The environment named and organised as Quaker witness (1960s - 1980s)
By the mid 20th century, environmental damage had become visible on a global scale. From the 1960s and 1970s onward, Quakers increasingly named environmental concern explicitly as part of their public witness, alongside peace and social justice.
This period marked a transition. Long-standing Quaker instincts about restraint, responsibility, and harm were no longer expressed only through personal discipline or local action. They began to take organised, collective form, shaped by the scale and urgency of ecological crisis.
The founding of Quaker Earthcare Witness in 1987 represents a key moment in this transition. It gave organisational shape to concerns that had long existed within Quaker life, bringing together spirituality, ethics, and ecological awareness. Quaker Earthcare Witness helped Friends name environmental crisis not simply as a scientific or political issue, but as a spiritual challenge requiring transformation of values, habits, and systems.
In practice, this meant encouraging meetings and individuals to integrate earthcare into worship, discernment, and everyday living, while also supporting public witness on environmental justice. Quaker Earthcare Witness (opens in new tab) has continued to emphasise that ecological breakdown is intertwined with inequality and violence, echoing older Quaker insights while addressing modern realities.
The Canterbury Commitment and corporate low-carbon Quakerism (2011)
In the 21st century, Quaker environmental witness increasingly takes the form of shared commitments and long-term sustainability planning. In Britain, a defining modern statement is the Canterbury Commitment, also known as Minute 36 of Yearly Meeting in 2011.
The Canterbury Commitment calls Quakers to become a low-carbon, sustainable community and frames this as a spiritual task rooted in Quaker testimonies. It also points to the way environmental crisis is bound up with global economic injustice, reinforcing the Quaker habit of holding earthcare and social justice together.
Global Quaker statements: the Kabarak Call and beyond (2012 - present)
At the global level, a key milestone is the Kabarak Call (opens in new tab) for Peace and Ecojustice, approved on 24 April 2012 at the Sixth World Conference of Friends at Kabarak University near Nakuru, Kenya (organised by the Friends World Committee for Consultation - FWCC). It links environmental destruction with injustice and conflict and calls Friends to act as patterns and examples in a decisive global campaign for peace and ecojustice. A part of it states:
“We are called to be patterns and examples in a 21st century campaign for peace and ecojustice, as difficult and decisive as the 18th and 19th century drive to abolish slavery.”

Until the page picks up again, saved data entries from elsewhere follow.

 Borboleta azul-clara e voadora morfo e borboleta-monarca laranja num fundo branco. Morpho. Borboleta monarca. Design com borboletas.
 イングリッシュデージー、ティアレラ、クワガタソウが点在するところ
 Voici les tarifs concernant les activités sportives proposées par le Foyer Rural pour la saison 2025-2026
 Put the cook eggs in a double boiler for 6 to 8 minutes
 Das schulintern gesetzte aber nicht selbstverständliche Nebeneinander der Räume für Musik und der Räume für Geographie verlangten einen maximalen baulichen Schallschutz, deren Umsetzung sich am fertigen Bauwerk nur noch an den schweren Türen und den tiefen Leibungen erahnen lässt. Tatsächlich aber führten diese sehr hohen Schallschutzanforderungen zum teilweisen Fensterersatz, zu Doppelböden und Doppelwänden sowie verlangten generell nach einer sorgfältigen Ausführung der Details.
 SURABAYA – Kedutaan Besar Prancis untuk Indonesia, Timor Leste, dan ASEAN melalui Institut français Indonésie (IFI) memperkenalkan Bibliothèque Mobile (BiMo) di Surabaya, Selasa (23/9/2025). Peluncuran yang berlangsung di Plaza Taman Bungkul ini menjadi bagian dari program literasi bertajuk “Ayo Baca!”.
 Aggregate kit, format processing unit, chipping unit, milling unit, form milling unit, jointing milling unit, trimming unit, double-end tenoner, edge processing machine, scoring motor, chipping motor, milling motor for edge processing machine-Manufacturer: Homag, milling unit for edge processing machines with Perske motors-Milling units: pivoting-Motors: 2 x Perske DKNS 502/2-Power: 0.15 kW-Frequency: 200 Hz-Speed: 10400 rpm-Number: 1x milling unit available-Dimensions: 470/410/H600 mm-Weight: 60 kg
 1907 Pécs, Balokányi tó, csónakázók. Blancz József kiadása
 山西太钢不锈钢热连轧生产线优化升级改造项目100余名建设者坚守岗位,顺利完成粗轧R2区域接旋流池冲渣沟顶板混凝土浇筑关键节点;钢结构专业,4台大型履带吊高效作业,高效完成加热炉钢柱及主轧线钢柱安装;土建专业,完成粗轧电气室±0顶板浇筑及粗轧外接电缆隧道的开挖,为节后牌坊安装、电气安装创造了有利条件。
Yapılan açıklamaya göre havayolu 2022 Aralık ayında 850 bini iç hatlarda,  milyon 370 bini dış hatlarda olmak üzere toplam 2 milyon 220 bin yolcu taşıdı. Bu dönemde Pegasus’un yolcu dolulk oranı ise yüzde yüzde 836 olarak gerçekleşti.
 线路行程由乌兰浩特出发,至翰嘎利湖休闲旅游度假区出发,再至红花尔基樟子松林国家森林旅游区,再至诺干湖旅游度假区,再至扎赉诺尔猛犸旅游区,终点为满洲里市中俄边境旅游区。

In 2016, Friends at the FWCC World Plenary Meeting in Pisac, Peru agreed a Sustainability Minute, and in 2017 FWCC launched a sustainability programme in response.
These global developments show Quaker environmental witness moving beyond individual concern into shared international commitments, while keeping the same inward logic: spiritual responsibility, truthfulness about harm, and practical change.
Continuity rather than novelty
Across the centuries, Quaker concern for the environment appears less as a sudden innovation and more as a steady unfolding. From 17th century restraint and plainness, through 18th century ethical diet and opposition to exploitation, to organised earthcare and modern sustainability commitments, the underlying questions remain consistent.
How should people live without doing harm? How should present needs be balanced against the future? How should faith be lived in the material world? Stewardship and sustainability offer modern language for these older responsibilities, keeping Quaker witness grounded in both justice and the limits of the earth.